Disable globally in `~/.pagerunner/config.toml`:

```toml
[ner]
enabled = false
```

## Stealth mode

Pass `stealth: true` to `open_session` to enable anti-detection: hides automation signals, injects scripts to mask `navigator.webdriver`, and adds human-like delays between inputs.

```json
{ "tool": "open_session", "profile": "personal", "stealth": true }
```

## Example session

```
open_session(profile="personal")          → session_id: abc123
new_tab(session_id, url="https://...")    → target_id: TAB456
get_content(session_id, target_id)        → "page text..."
click(session_id, target_id, "#button")
type_text(session_id, target_id, "hello", selector="#input")
screenshot(session_id, target_id)         → "data:image/png;base64,..."
close_session(session_id)
```

## Daemon (multiple Claude Code sessions / persistent state)

By default each `pagerunner mcp` process opens the database directly — only one can run at a time. If you open Pagerunner in a second Claude Code window you'll hit a DB lock error.

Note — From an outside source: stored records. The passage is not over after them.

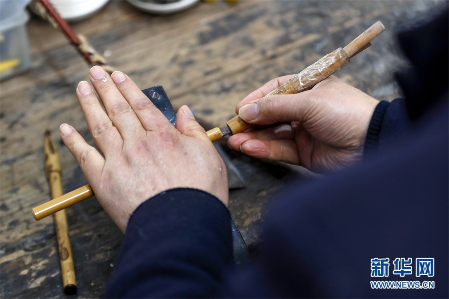 一支好的徽筆,不僅要保留傳統(tǒng)工藝,且要在原基礎上不斷創(chuàng)新、改良。楊文尤其重視書畫家對筆的使用反饋:“因為他們對用筆最挑剔,而且現(xiàn)代書畫家創(chuàng)作方式和作品不斷創(chuàng)新,對毛筆也有新的要求,他們提出的要求我總是盡力去滿足,也使得制筆技藝進一步得到了提高?!? 新華網(wǎng)發(fā)(施亞磊 攝)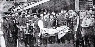 Rescuers entering the mine after the explosion found themselves suffocating on the afterdamp gas and had to return to the surface, often unconscious, carried by other rescuers;[5] however, the determination was such to find the bodies, and to find any survivors, that the rescuers – mostly miners from nearby mines – would insist on returning to the airless mine as soon as they had been revived on the surface.[6] Miners came from as far as Denniston to assist the rescue effort, though it took the Denniston miners several days to arrive as they had to travel by sea from Westport. Wood explains this: "The response of the West Coast miners in volunteering for the rescue parties was due to their occupational loyalties and social and kinship ties. Occupational bonding, especially of coal miners, requires obedience to the miner's code that they come to each other's assistance. Denniston miners and mine managers, like Blackball miners, included former workmates, relatives and friends belonging to the same generation of immigrants, particularly those arriving between 1875 and 1885".[5] According to Wood: "The tragedy helped to break down some old world differences and establish a West Coast identity, especially in the mining community.[5]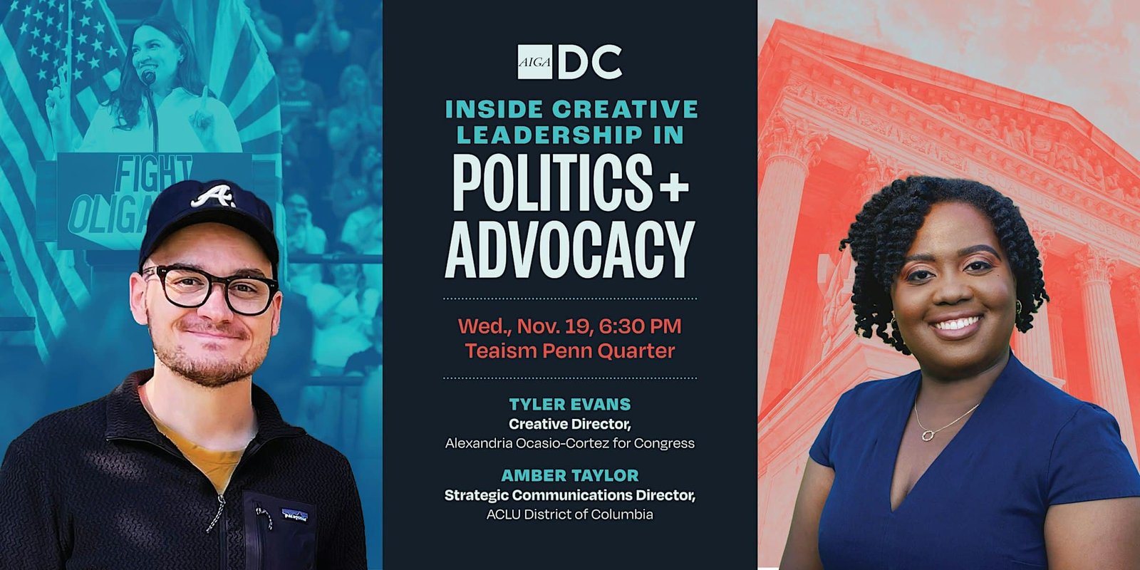 Go behind the scenes with ACLU DC + AOC for Congress on how in-house design drives political and advocacy change.Join AIGA DC for an intimate conversation with Amber Taylor, Strategic Communications Director at ACLU District of Columbia, and Tyler Evans, Creative Director for Alexandria Ocasio-Cortez for Congress. Together, they’ll share what it means to lead […]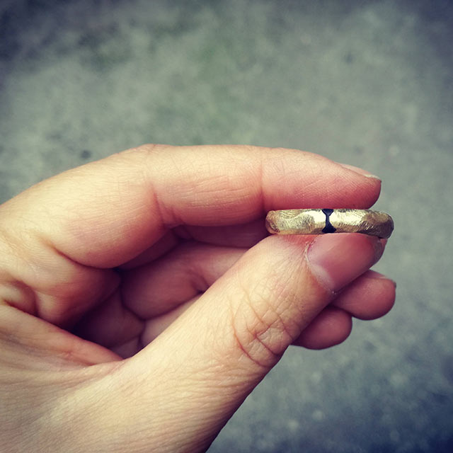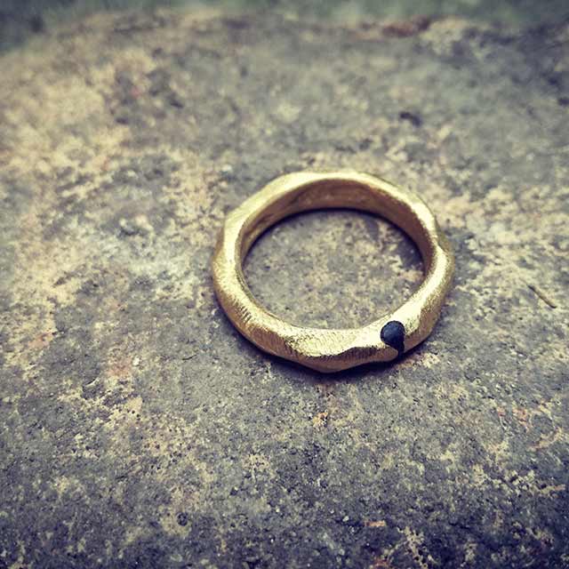 Un anello semplice, originale ed etnico; in oro ed ebano, con diamante etico.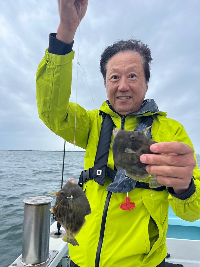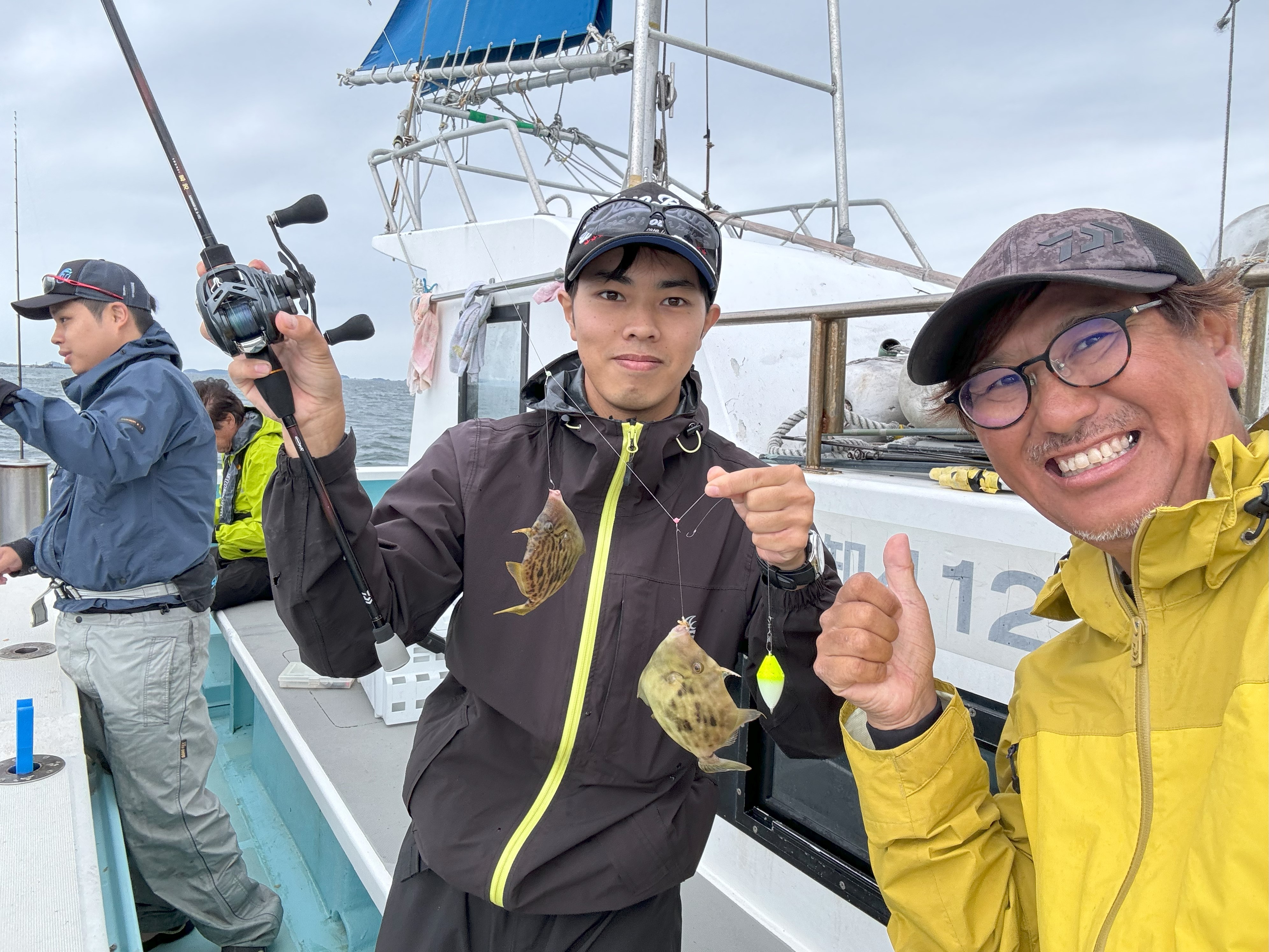 ポイントまでは20分ほど。今日は海が少し荒れ模様。伊良湖ポイントまでは行けず、少し手前で釣ることに。まずは、今回講師として教えていただける宮澤テスター。開始からカワハギをコンスタントに釣っておられ流石でした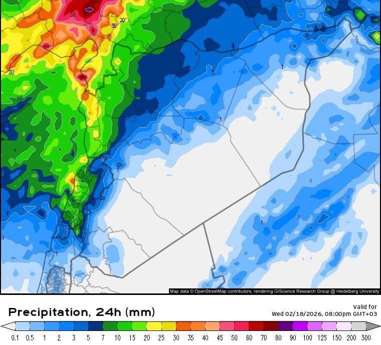 أصدرت دائرة الإنذار المبكر والتأهب في وزارة الطوارئ وإدارة الكوارث تحذيراً جوياً يفيد بتأثر البلاد يوم الأربعاء 18 شباط بحدوث هبات رياح قوية إلى عاصفة، مصحوبة مع أمطار غزيرة على المناطق الساحلية وشمال غرب البلاد وأجزاء من المنطقة الوسطى، وبحر عالي الخطورة مع ارتفاع أمواج لأكثر من 3.5 أمتار.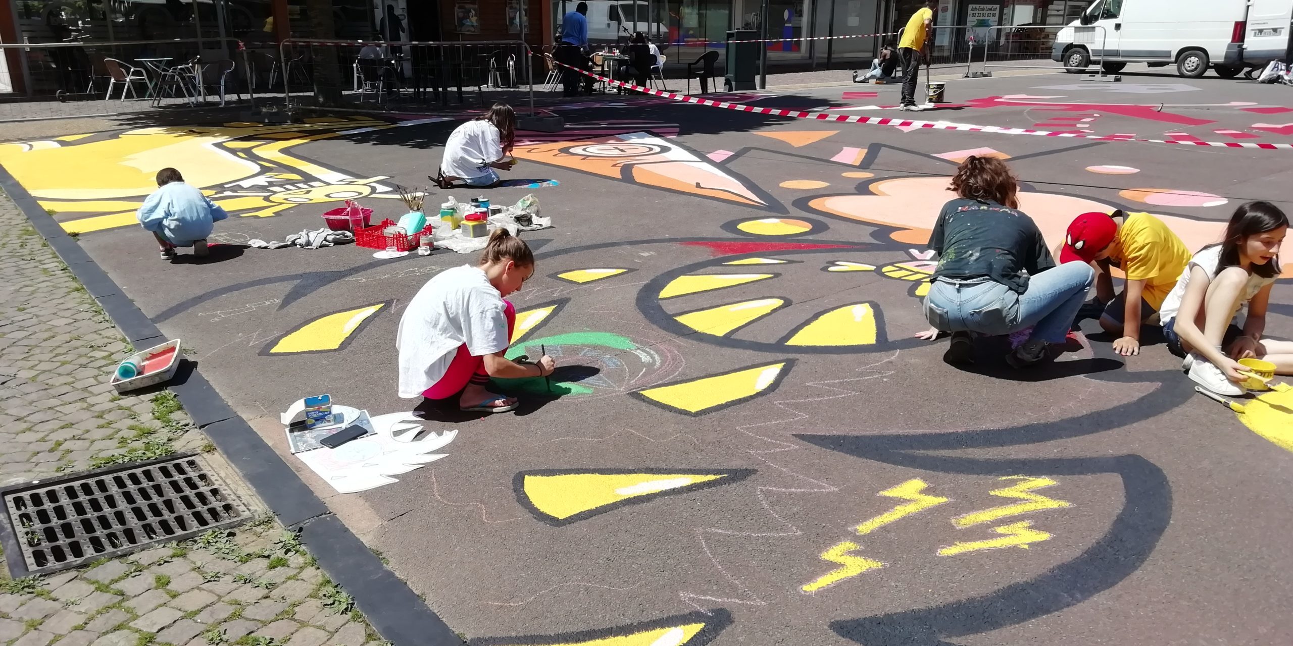 L’idée est donc née d’une fresque géante au sol s’inspirant de l’univers «Flipper». Il nous tenait à coeur que les enfants soient dans le processus créatif avec les artistes. Nous avons ainsi présenté cette idée au collectif La Crèmerie qui a été enthousiasmé par cette proposition. Cette fresque reprendra des dessins d’enfants après des temps de discussion et brainstorming avec les artistes. Il y ont ajouté leur univers tout en essayant d’y intégrer des parcours ludique et jeu au sol.
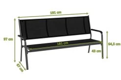 KETTLER BasicPlus 3er Bank, Anthrazit, Alu/Textilene, 67x97x191, 0310612-7000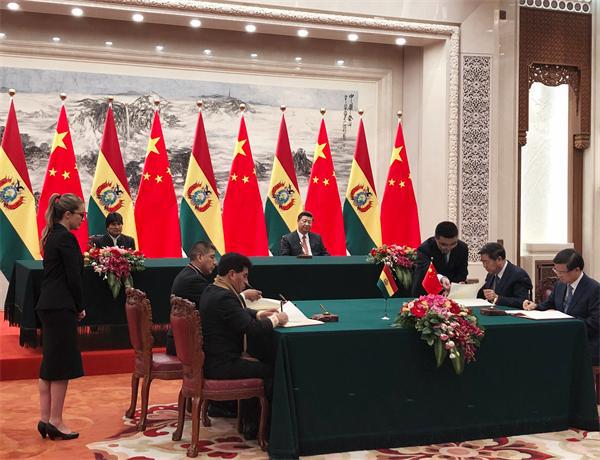 6月19日,在习近平主席和玻利维亚莫拉莱斯总统见证下,国家发展改革委主任何立峰与玻外交部长瓦纳库尼签署《中华人民共和国政府与多民族玻利维亚国政府关于共同推进丝绸之路经济带和21世纪海上丝绸之路建设的谅解备忘录》。中玻双方将在共建“一带一路”框架下,以“共商、共建、共享”为原则,加强政策沟通、设施联通、贸易畅通、资金融通、民心相通,为两国实现共同发展与共同繁荣,推动构建人类命运共同体作出贡献。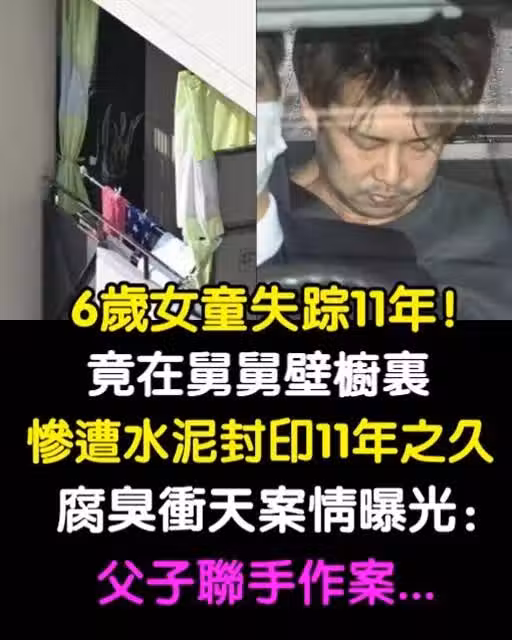 6歲女童失蹤11年!竟然在舅舅壁櫥里「慘遭水泥封印」「11年之久」腐臭沖天案情曝光:父子聯手作案

Start the daemon once to share state across any number of sessions:

```bash
pagerunner daemon &
```

Each `pagerunner mcp` instance automatically detects the daemon, connects to it over a Unix socket (`~/.pagerunner/daemon.sock`), and proxies all tool calls through it. All Claude Code windows share the same open browsers, KV store, and snapshots.

To stop:

```bash
pkill -f "pagerunner daemon"
```

**Install as a background service** (starts at login, restarts on crash):

```bash
cargo build --release
./scripts/install-launchd.sh
```

Logs at `~/.pagerunner/daemon.log`.

## Snapshots

Save authenticated browser state to the encrypted local DB:

```
save_snapshot(session_id, target_id, origin="https://github.com")
```

Restore it in any future session:

```
restore_snapshot(session_id, target_id, origin="https://github.com")
```

Snapshots are encrypted with AES-256-GCM. The key is stored in macOS Keychain under `pagerunner / db_key` — never written to disk in plaintext.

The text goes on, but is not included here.